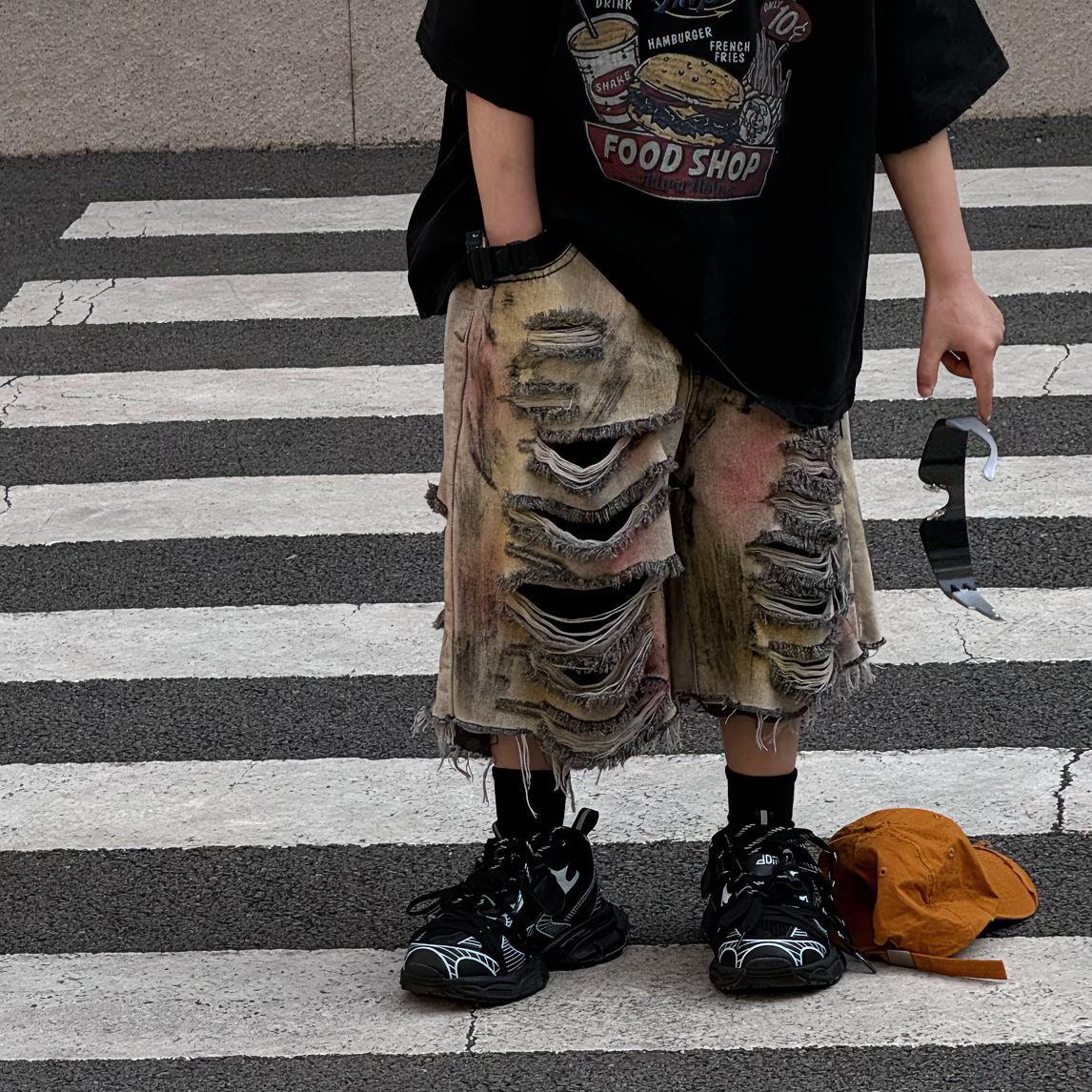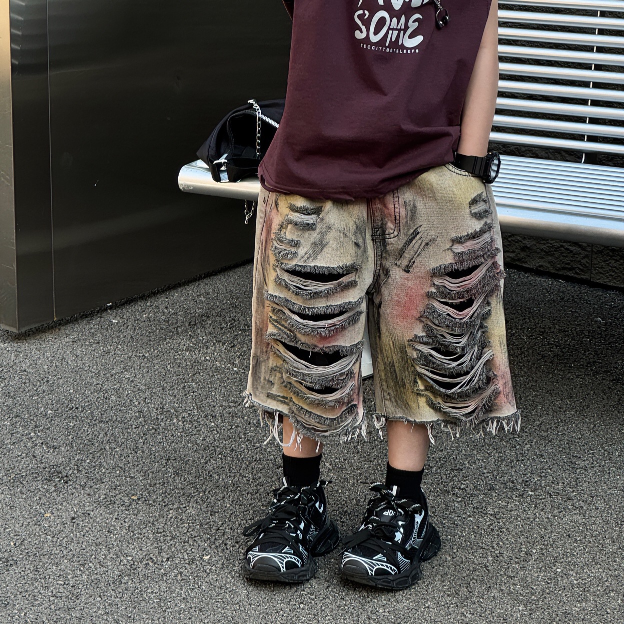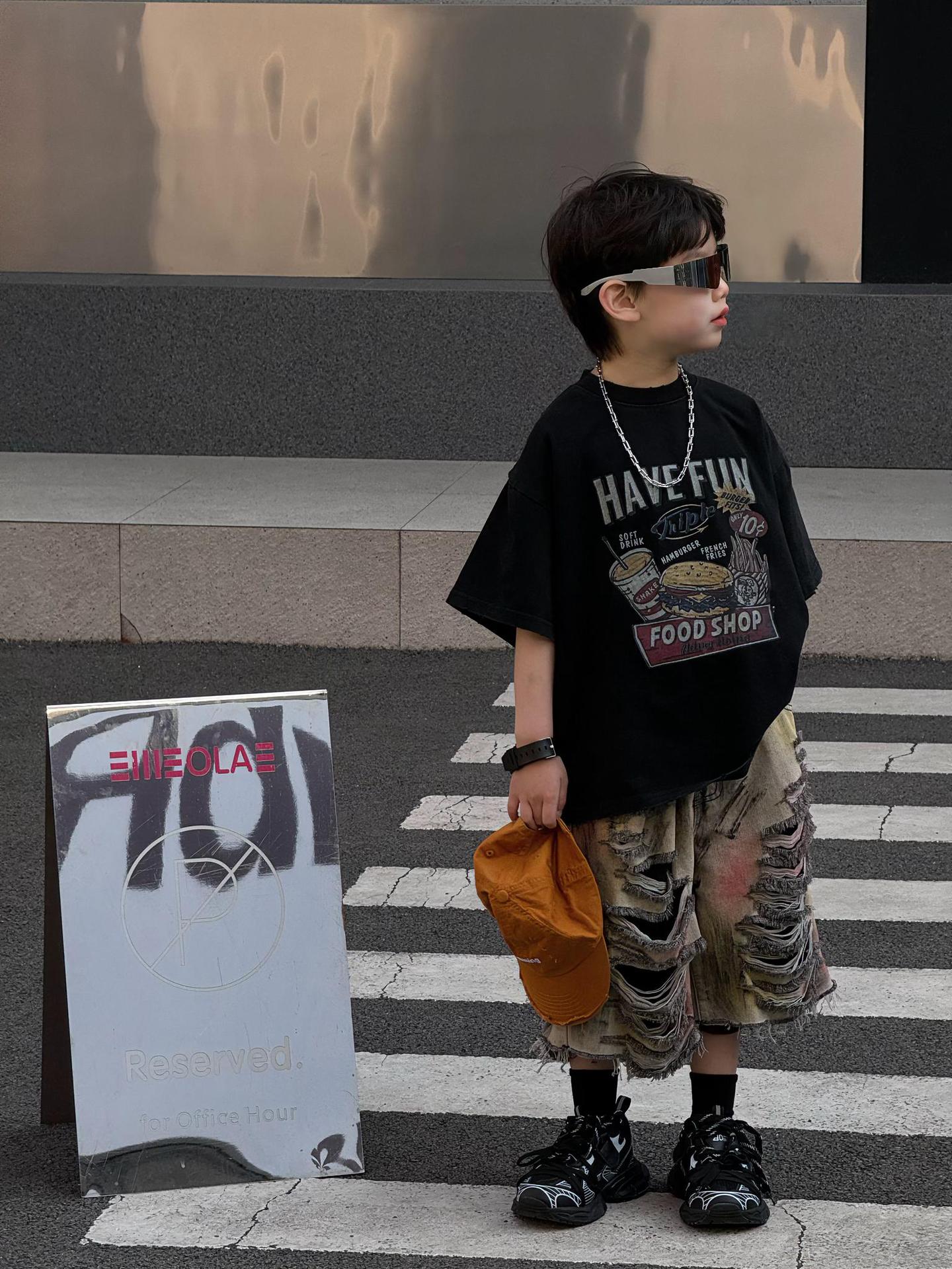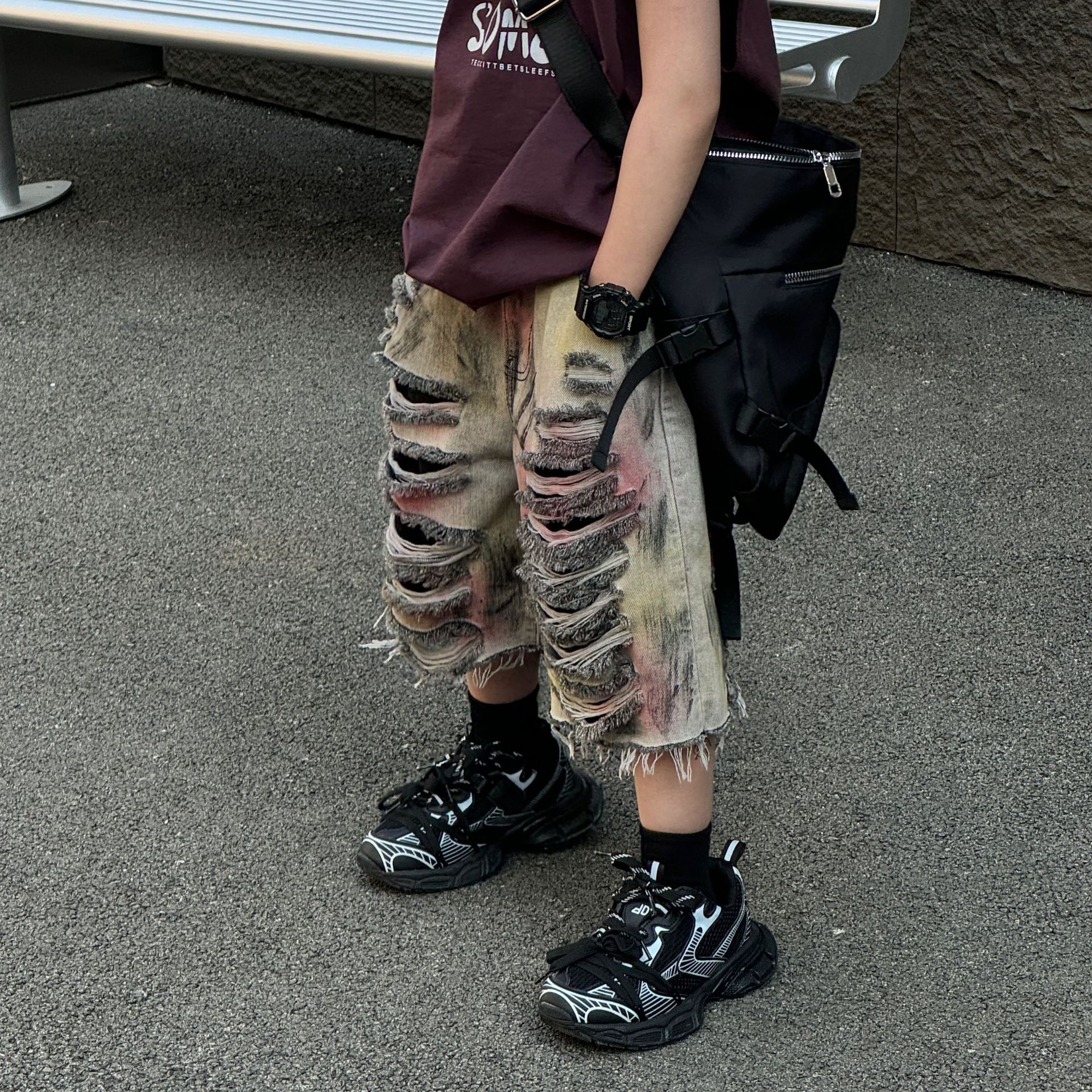 타이루 2025 여름 새 도착 한국식 소년 올매치 디자인 센스 스트리트 아메리칸 리핑 청바지 어린이 반바지스토어 가기
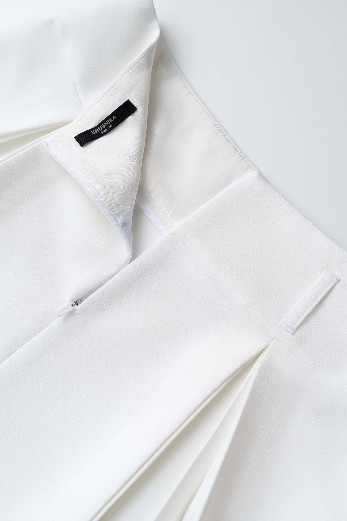 Юбка длины мини из поливискозы. Модель с высоким поясом, дополненым шлевками для ремня. Изделие декорировано закрытыми веерными складками. Застежка на молнию.
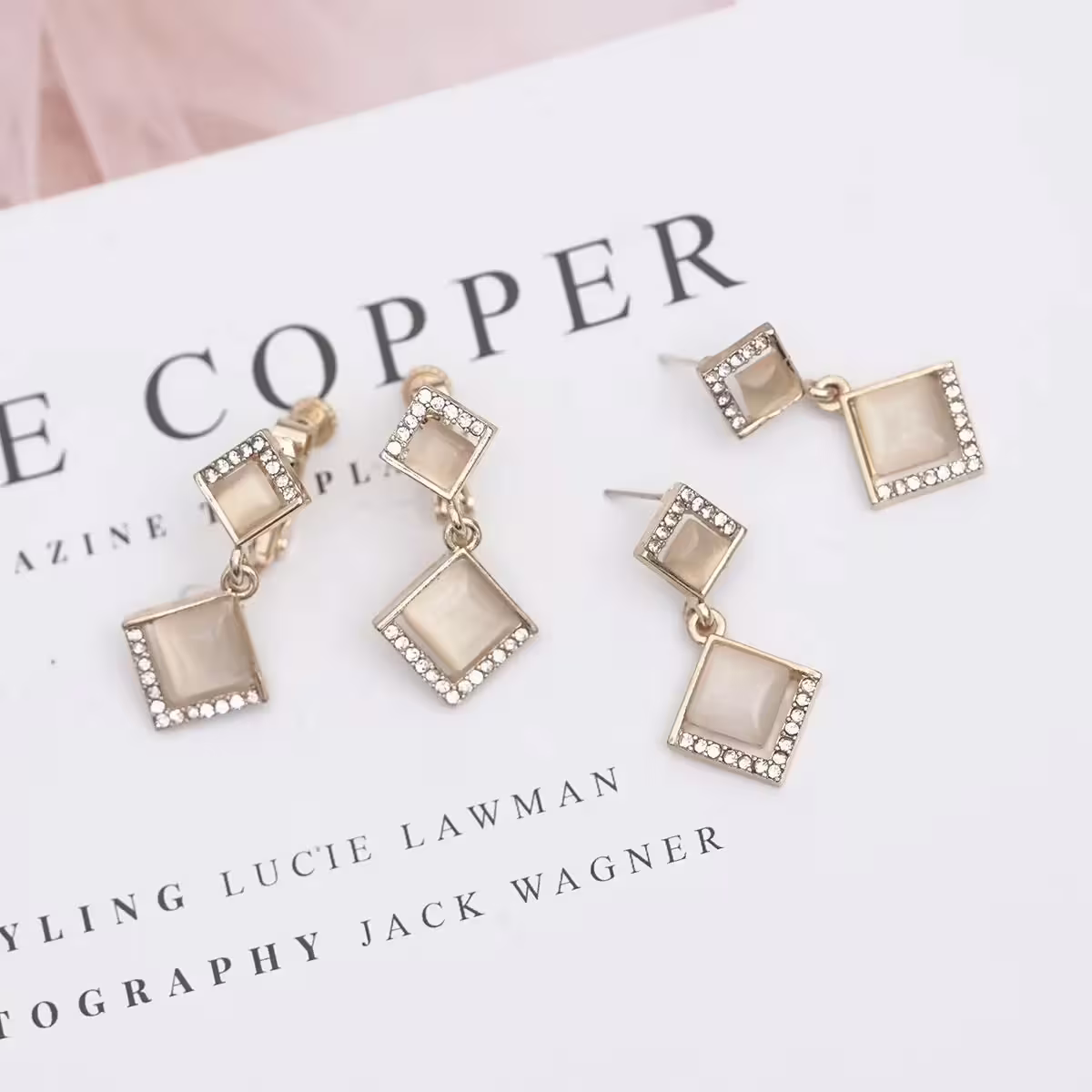 ▶名稱/雙菱形晶鑽貓眼石×螺旋耳夾
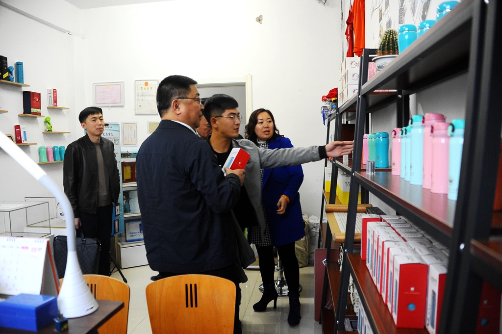 李海红一行来到了大学生创业园,先后参观了翔龙三维科技公司、一一农牧网络科技有限公司、草木染印染设计工作室、建华区一字不二捺创意文化工作室和盖瑞杰创客咖啡等大学生创新创业项目,与各创业项目团队的同学们进行了交流,询问大家所学专业,创业思路、想法,创业历程以及现在运营的实际情况。

_WHAT IS REQUIRED_
The data must be printed exactly, image-free.

_ANSWER AREA_
 타이루 2025 여름 새 도착 한국식 소년 올매치 디자인 센스 스트리트 아메리칸 리핑 청바지 어린이 반바지스토어 가기
 Юбка длины мини из поливискозы. Модель с высоким поясом, дополненым шлевками для ремня. Изделие декорировано закрытыми веерными складками. Застежка на молнию.
 ▶名稱/雙菱形晶鑽貓眼石×螺旋耳夾
 李海红一行来到了大学生创业园,先后参观了翔龙三维科技公司、一一农牧网络科技有限公司、草木染印染设计工作室、建华区一字不二捺创意文化工作室和盖瑞杰创客咖啡等大学生创新创业项目,与各创业项目团队的同学们进行了交流,询问大家所学专业,创业思路、想法,创业历程以及现在运营的实际情况。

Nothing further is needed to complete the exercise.